(PROVIDED DATA)

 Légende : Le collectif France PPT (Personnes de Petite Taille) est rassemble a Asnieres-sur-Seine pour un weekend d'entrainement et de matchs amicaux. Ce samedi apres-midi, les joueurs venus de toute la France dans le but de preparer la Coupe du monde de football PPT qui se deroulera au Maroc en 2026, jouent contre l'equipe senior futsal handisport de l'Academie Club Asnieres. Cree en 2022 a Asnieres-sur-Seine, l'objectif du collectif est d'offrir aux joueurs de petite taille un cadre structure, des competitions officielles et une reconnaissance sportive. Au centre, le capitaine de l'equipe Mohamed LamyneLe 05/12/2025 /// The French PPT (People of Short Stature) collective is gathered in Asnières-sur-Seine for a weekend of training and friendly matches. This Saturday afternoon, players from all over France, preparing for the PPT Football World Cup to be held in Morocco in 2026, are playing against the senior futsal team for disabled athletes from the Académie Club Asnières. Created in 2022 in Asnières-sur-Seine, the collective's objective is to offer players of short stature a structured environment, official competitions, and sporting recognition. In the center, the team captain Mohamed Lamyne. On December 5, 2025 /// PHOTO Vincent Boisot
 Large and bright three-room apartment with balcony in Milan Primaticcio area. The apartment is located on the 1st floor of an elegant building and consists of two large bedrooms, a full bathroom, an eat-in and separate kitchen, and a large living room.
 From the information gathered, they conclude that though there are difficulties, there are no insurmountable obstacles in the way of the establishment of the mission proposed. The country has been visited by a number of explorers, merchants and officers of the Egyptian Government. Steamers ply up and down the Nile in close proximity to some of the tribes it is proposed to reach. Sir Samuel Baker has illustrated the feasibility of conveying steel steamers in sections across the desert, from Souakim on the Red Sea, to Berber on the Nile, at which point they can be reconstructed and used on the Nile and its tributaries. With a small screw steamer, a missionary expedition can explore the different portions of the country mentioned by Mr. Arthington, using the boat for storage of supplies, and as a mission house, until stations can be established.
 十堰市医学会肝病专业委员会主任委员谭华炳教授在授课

(WHAT YOU HAVE TO DO)
Line by line, the data should be returned exactly as written.

(RESULT)
 Légende : Le collectif France PPT (Personnes de Petite Taille) est rassemble a Asnieres-sur-Seine pour un weekend d'entrainement et de matchs amicaux. Ce samedi apres-midi, les joueurs venus de toute la France dans le but de preparer la Coupe du monde de football PPT qui se deroulera au Maroc en 2026, jouent contre l'equipe senior futsal handisport de l'Academie Club Asnieres. Cree en 2022 a Asnieres-sur-Seine, l'objectif du collectif est d'offrir aux joueurs de petite taille un cadre structure, des competitions officielles et une reconnaissance sportive. Au centre, le capitaine de l'equipe Mohamed LamyneLe 05/12/2025 /// The French PPT (People of Short Stature) collective is gathered in Asnières-sur-Seine for a weekend of training and friendly matches. This Saturday afternoon, players from all over France, preparing for the PPT Football World Cup to be held in Morocco in 2026, are playing against the senior futsal team for disabled athletes from the Académie Club Asnières. Created in 2022 in Asnières-sur-Seine, the collective's objective is to offer players of short stature a structured environment, official competitions, and sporting recognition. In the center, the team captain Mohamed Lamyne. On December 5, 2025 /// PHOTO Vincent Boisot
 Large and bright three-room apartment with balcony in Milan Primaticcio area. The apartment is located on the 1st floor of an elegant building and consists of two large bedrooms, a full bathroom, an eat-in and separate kitchen, and a large living room.
 From the information gathered, they conclude that though there are difficulties, there are no insurmountable obstacles in the way of the establishment of the mission proposed. The country has been visited by a number of explorers, merchants and officers of the Egyptian Government. Steamers ply up and down the Nile in close proximity to some of the tribes it is proposed to reach. Sir Samuel Baker has illustrated the feasibility of conveying steel steamers in sections across the desert, from Souakim on the Red Sea, to Berber on the Nile, at which point they can be reconstructed and used on the Nile and its tributaries. With a small screw steamer, a missionary expedition can explore the different portions of the country mentioned by Mr. Arthington, using the boat for storage of supplies, and as a mission house, until stations can be established.
 十堰市医学会肝病专业委员会主任委员谭华炳教授在授课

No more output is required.